Key Takeaway: MacroGenics, Inc. (MGNX) is under investigation following the deaths of five patients in its Phase 2 TAMARACK study for metastasized prostate cancer treatment MGC018. The company had previously reported positive interim safety data, leading to a significant stock price increase, but the subsequent revelation of patient fatalities caused a drastic 77% drop in share value.

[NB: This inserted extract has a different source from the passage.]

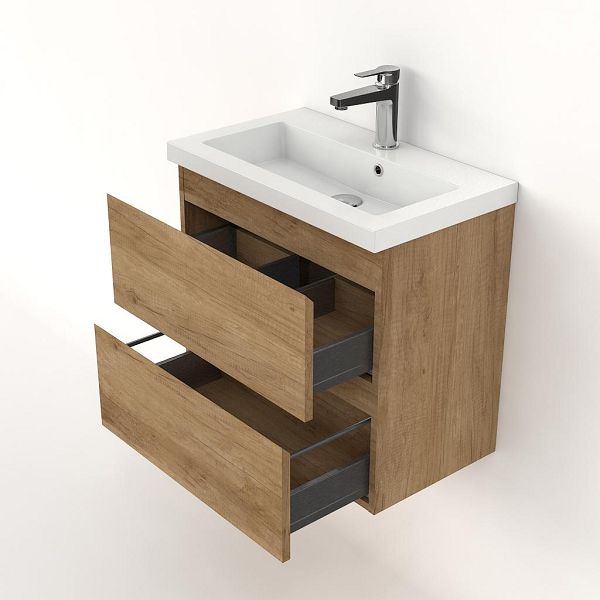 | Bellanti Secca/Esta ondiep badmeubel 60x36 2 softclose laden olm greeploos polystone wastafel wit met 1 kraangat |

This has resulted in multiple analyst downgrades and sparked an investigation into whether the company misled investors about the safety of their treatment.

Market Sentiment Analysis

CONCERNS & RISKS

  • Five patients in the TAMARACK study died, raising serious safety concerns.
  • The stock price of MacroGenics dropped 77% following the announcement of patient deaths.
  • Analyst downgrades were swift, indicating a loss of confidence in the company's drug safety.
  • There are allegations that MacroGenics may have misled investors regarding preliminary safety data.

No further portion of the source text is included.